*** Input
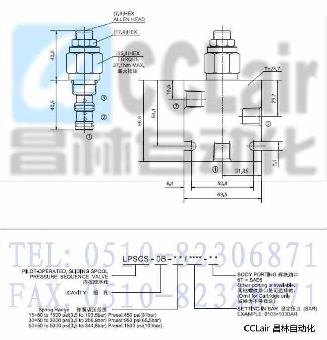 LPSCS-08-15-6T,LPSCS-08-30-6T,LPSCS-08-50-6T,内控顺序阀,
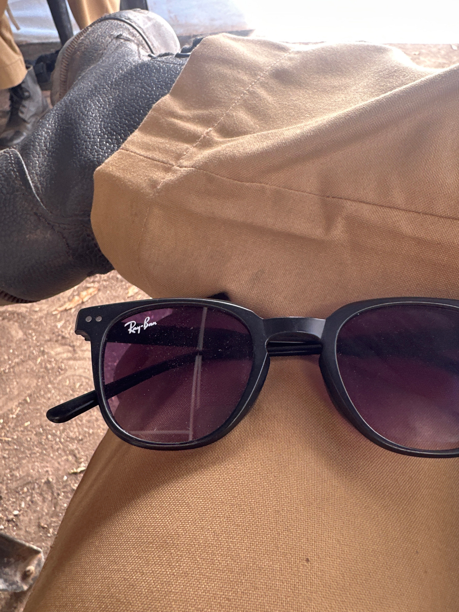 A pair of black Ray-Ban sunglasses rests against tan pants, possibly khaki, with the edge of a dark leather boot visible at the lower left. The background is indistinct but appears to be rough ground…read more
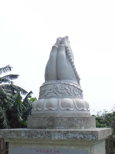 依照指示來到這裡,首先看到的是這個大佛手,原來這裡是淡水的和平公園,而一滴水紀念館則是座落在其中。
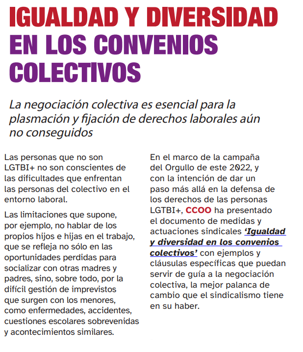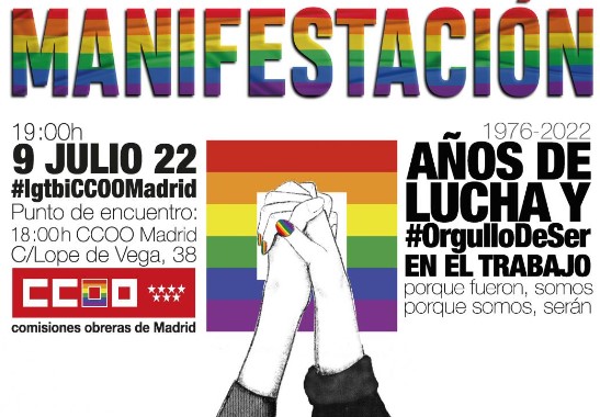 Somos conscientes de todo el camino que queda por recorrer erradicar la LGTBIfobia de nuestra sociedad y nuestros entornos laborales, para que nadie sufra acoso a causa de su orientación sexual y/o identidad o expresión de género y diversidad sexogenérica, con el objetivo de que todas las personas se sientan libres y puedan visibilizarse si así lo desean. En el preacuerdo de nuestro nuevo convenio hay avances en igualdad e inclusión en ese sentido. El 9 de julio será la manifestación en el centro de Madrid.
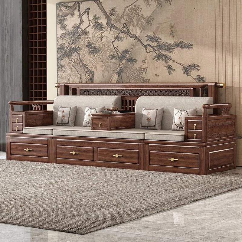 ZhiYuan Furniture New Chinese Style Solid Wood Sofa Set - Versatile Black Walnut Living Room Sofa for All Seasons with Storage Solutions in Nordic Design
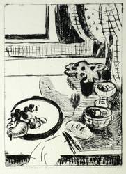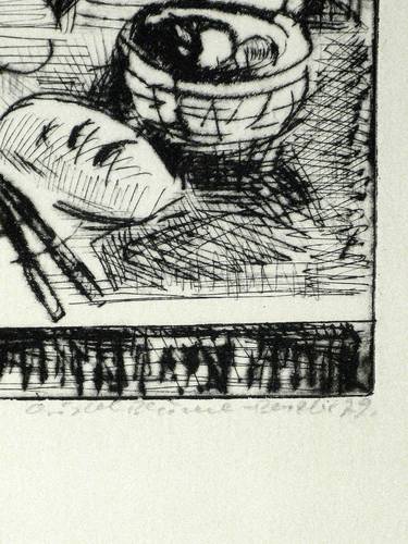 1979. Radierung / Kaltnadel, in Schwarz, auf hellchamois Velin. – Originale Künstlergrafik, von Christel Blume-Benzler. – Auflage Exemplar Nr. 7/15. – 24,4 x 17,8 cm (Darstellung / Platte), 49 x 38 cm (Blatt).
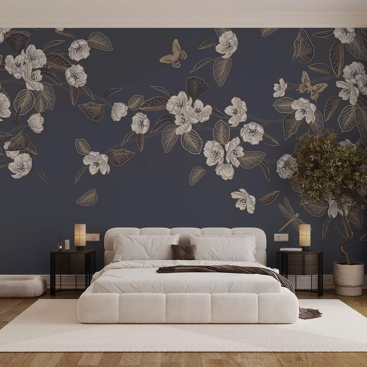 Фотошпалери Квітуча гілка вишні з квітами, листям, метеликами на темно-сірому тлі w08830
******
* [Your task] Leave the pictures out, and restate exactly the lines from the start of the records through the one that contains "依照指示來到這裡,首先看到的".

* [Result for this exercise]
 LPSCS-08-15-6T,LPSCS-08-30-6T,LPSCS-08-50-6T,内控顺序阀,
 A pair of black Ray-Ban sunglasses rests against tan pants, possibly khaki, with the edge of a dark leather boot visible at the lower left. The background is indistinct but appears to be rough ground…read more
 依照指示來到這裡,首先看到的是這個大佛手,原來這裡是淡水的和平公園,而一滴水紀念館則是座落在其中。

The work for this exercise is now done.